METHOD AND SYSTEM FOR LONG-FORM ANSWER EXTRACTION BASED ON COMBINATION OF SENTENCE INDEX GENERATION TECHNIQUES

    公开(公告)号:US20240126791A1

    公开(公告)日:2024-04-18

    申请号:US18470657

    申请日:2023-09-20

    IPC分类号: G06F16/31 G06F16/332

    CPC分类号: G06F16/31 G06F16/3329

    摘要: This disclosure relates generally to long-form answer extraction and, more particularly, to long-form answer extraction based on combination of sentence index generation techniques. Existing answer extractions techniques have achieved significant progress for extractive short answers; however, less progress has been made for long form questions that require explanations. Further the state-of-art long-answer extractions techniques result in poorer long-form answers or not address sparsity which becomes an issue longer contexts. Additionally, pre-trained generative sequence-to-sequence models are gaining popularity for factoid answer extraction tasks.
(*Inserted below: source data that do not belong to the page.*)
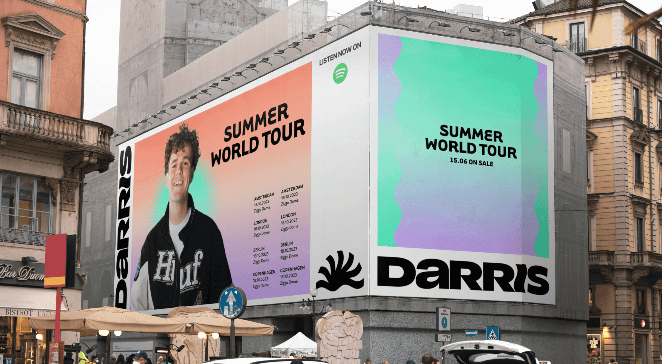 I created around six logo mark variations and a bunch of wordmarks to capture that energy and philosophy we discussed. To bring out that summer vibe, we went for bold gradients that really embody the atmosphere around DARRIS’s music.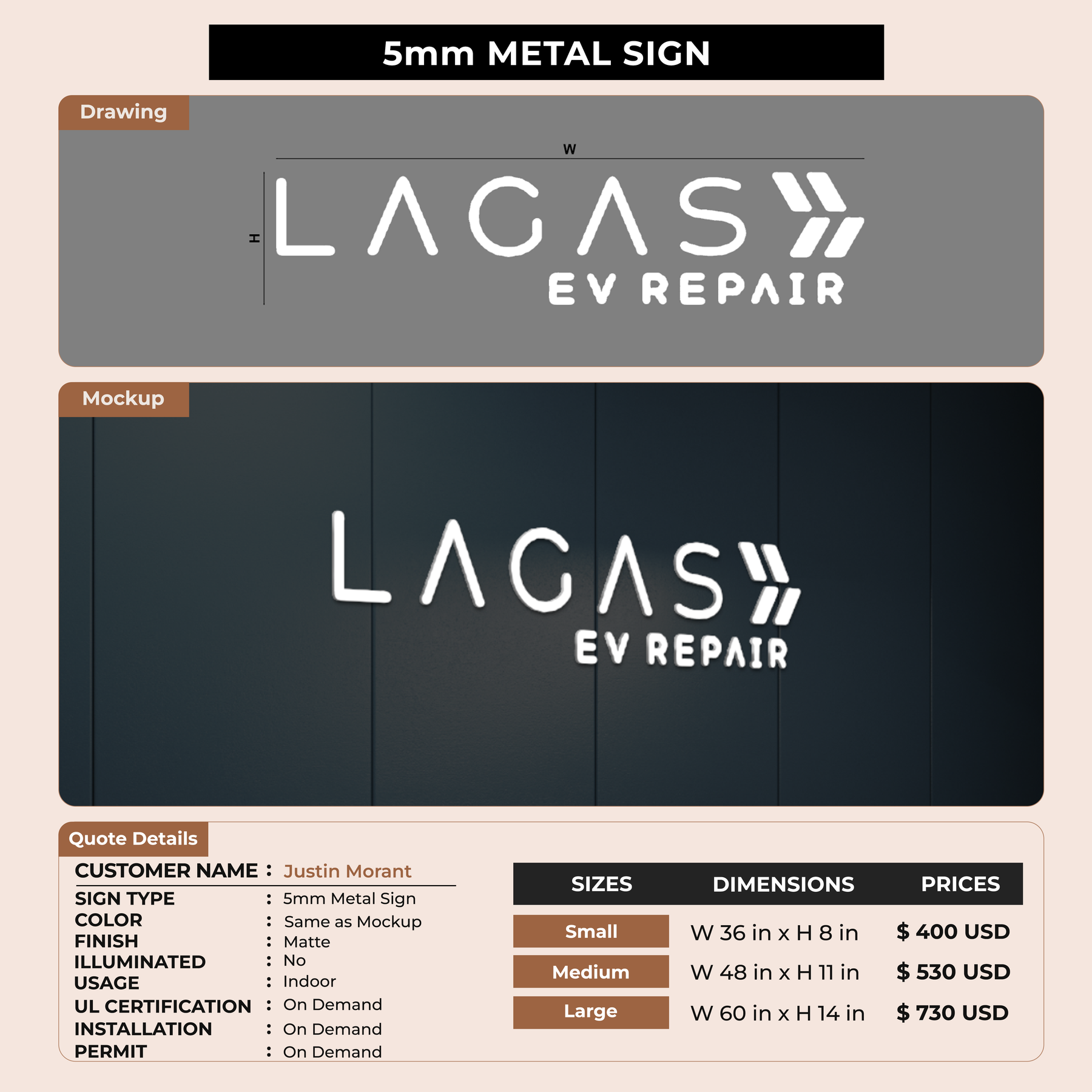 5mm metal sign for Justin Morant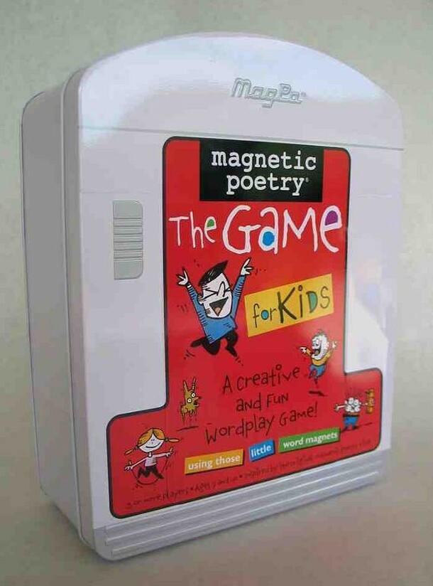 Be the first player to make it from the vegetable crisper to the freezer by win four poem-writing rounds. One player is the judge, who spins a spinner to select the poem category (gross, sad, mad, pretty, silly, happy, gross) The remaining players write poems, based on a subject selected from their hand of subject cards, and using magnetic word tiles...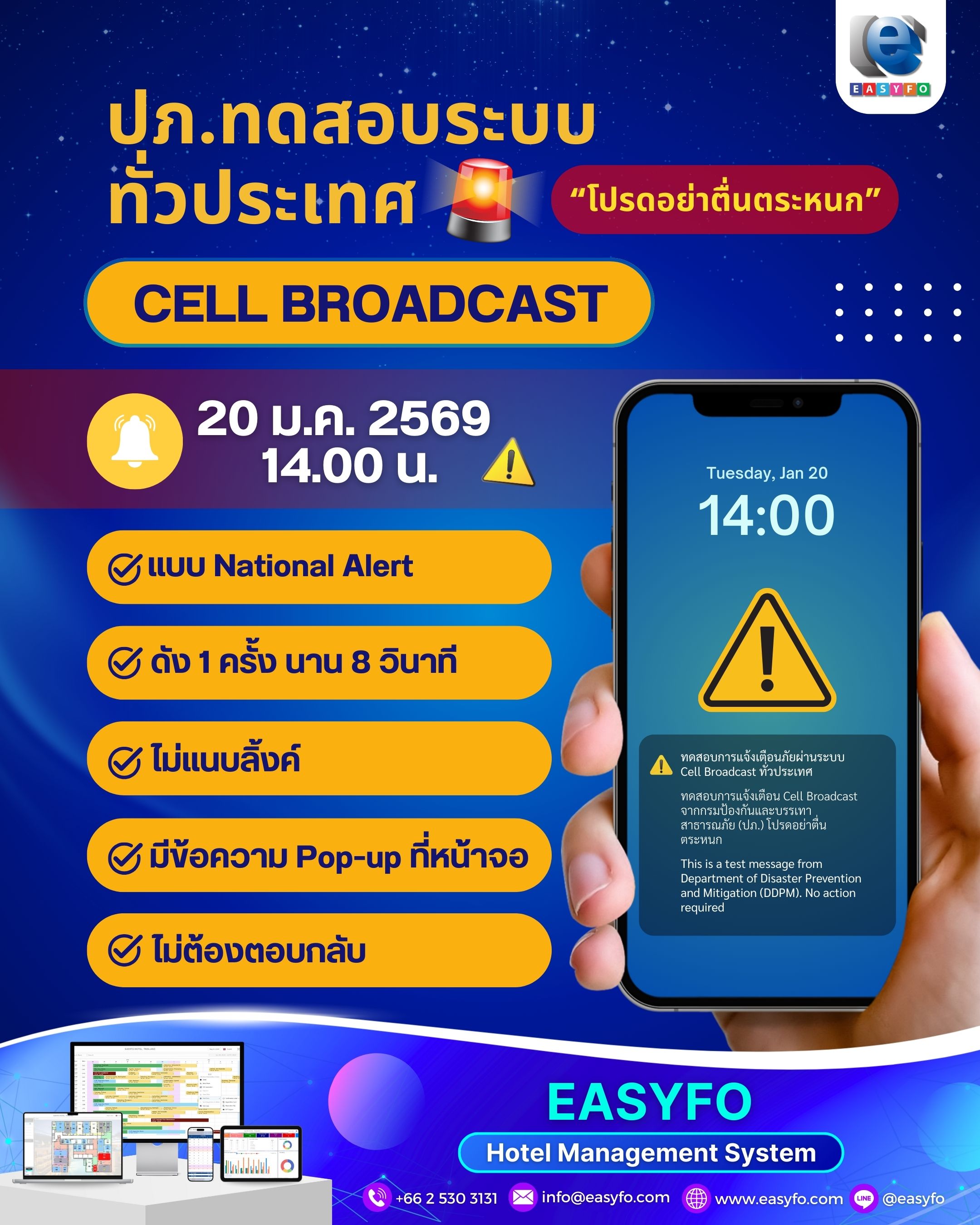 ปภ.เตรียมทดสอบการแจ้งเตือนภัยผ่านระบบ Cell Broadcast ทั่วประเทศ วันที่ 20 ม.ค. 69 เวลา 14.00 น. โดยจะมีเสียงดัง 1 ครั้ง ประมาณ 8 วินาที พร้อมกับมีข้อความ Pop-up อัตโนมัติที่หน้าจอมือถือ ระบบปฏิบัติการที่รองรับ - iOS เวอร์ชัน 18 ขึ้นไป - Android เวอร์ชัน 11 ขึ้นไป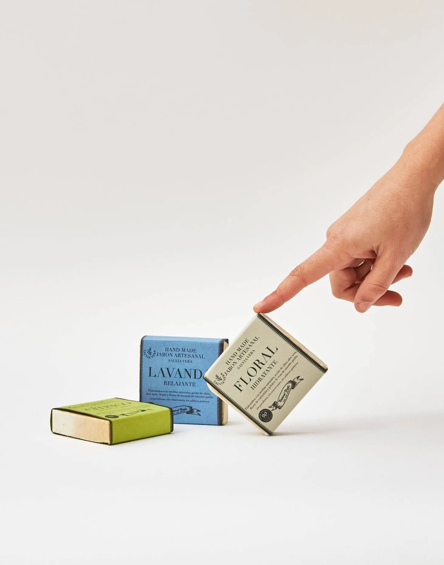 Jabón al corte hecho artesanalmente por personas en riesgo de exclusión social. Contienen aceite de oliva y coco, manteca de karité, aloe vera y esencias naturales.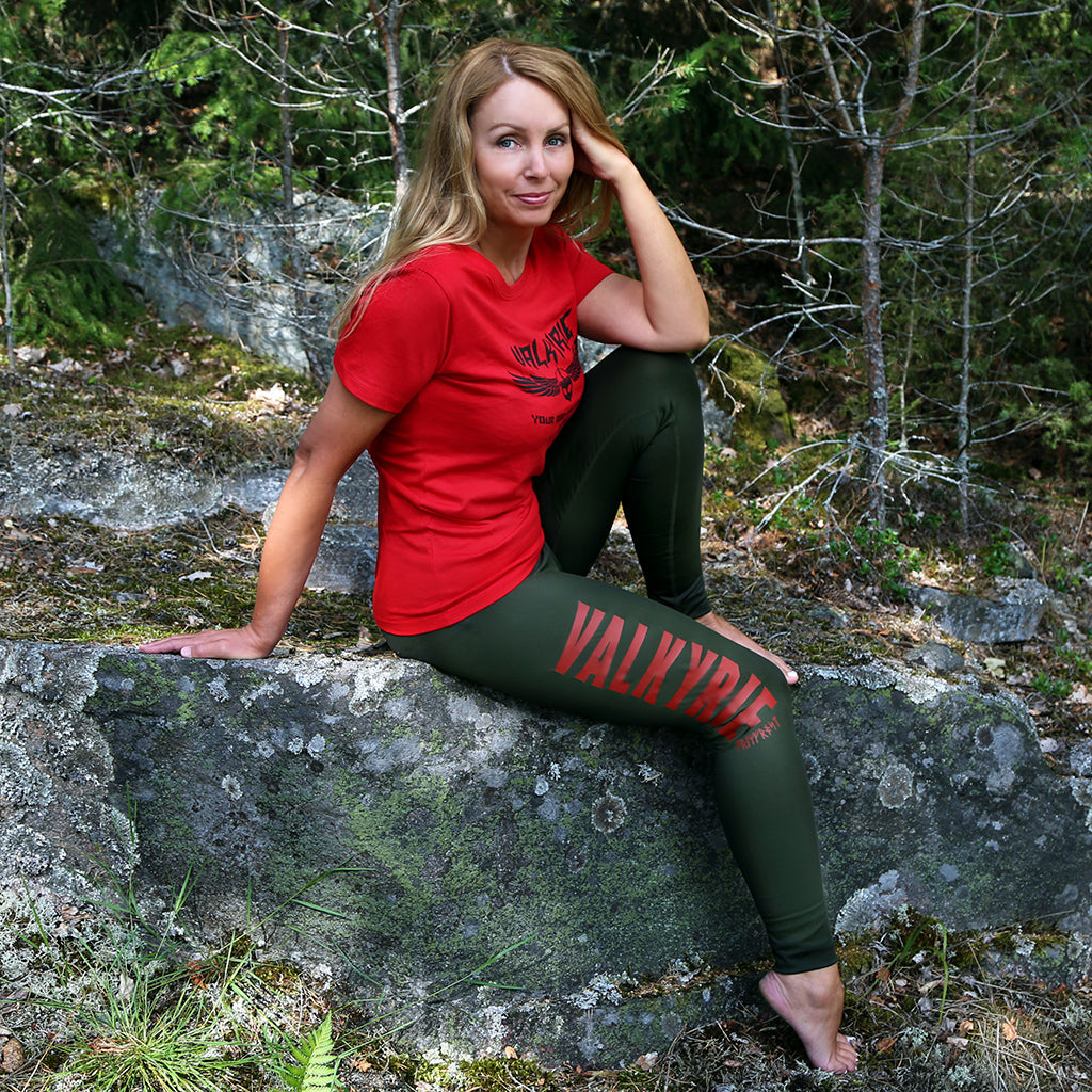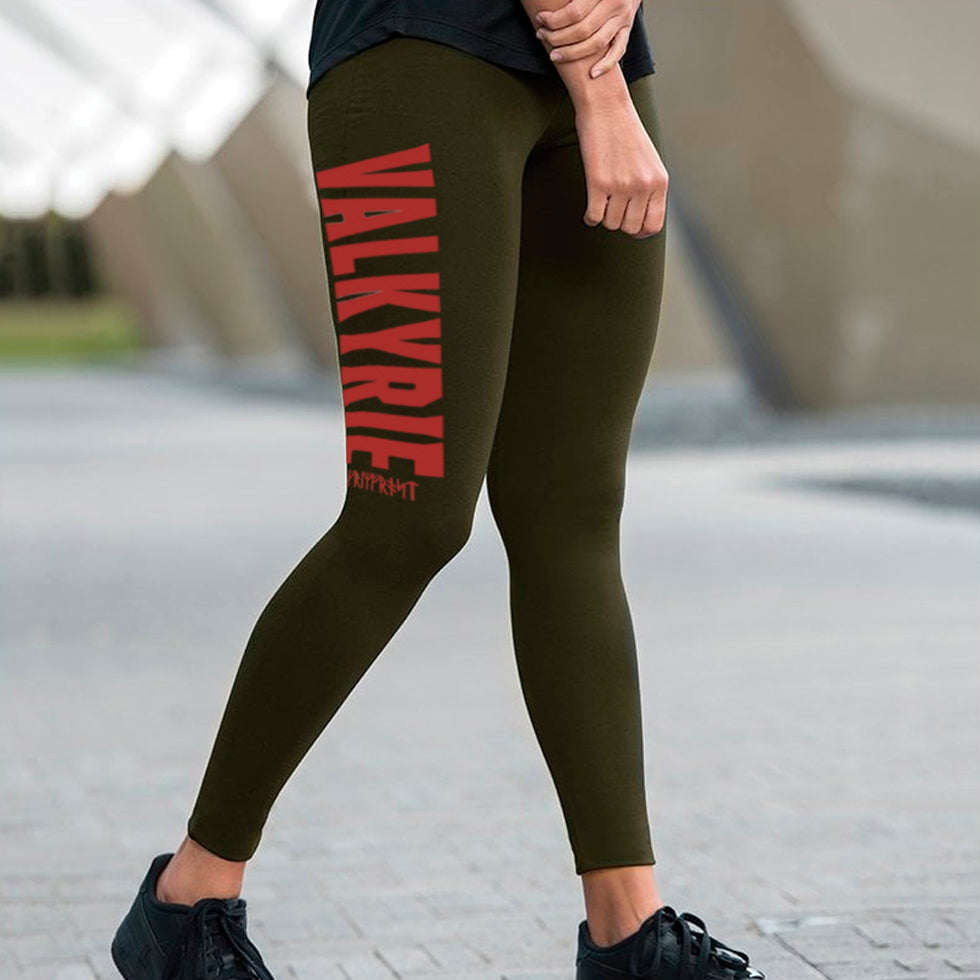 Hellånga leggings av högsta kvalitet med Valkyrie-mönster och "Grimfrost" skrivet i runor. Tillverkade av material som inte är för tunt eller varmt, de är lätta attoch är utformade för att stärka din hållning samtidigt som de smalnar av och slätar ut på rätt ställen. Dessa leggings passar till praktiskt taget allt och är snygga året runt. Bär dem till kjol, klänning eller bara som de är. Det elastiska materialet gör dem bekväma att använda när du springer, cyklar, gör yoga, konditionsträning eller andra träningspass.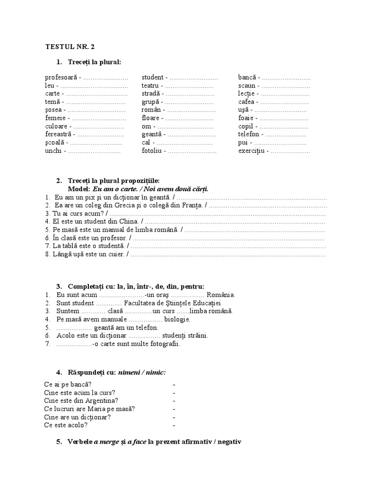 Limba Romană Pentru Studenţii Străini Teste Si Exerciţii

Hence the disclosure proposes a long-form answer extraction based on several steps including training a set of generative sequence-to-sequence models comprising a sentence indices generation model and a sentence index spans generation. The trained set of generative sequence-to-sequence models is further utilized for model long-form answer extraction based on a union of several sentence index generation techniques comprising a sentence indices and a sentence index spans.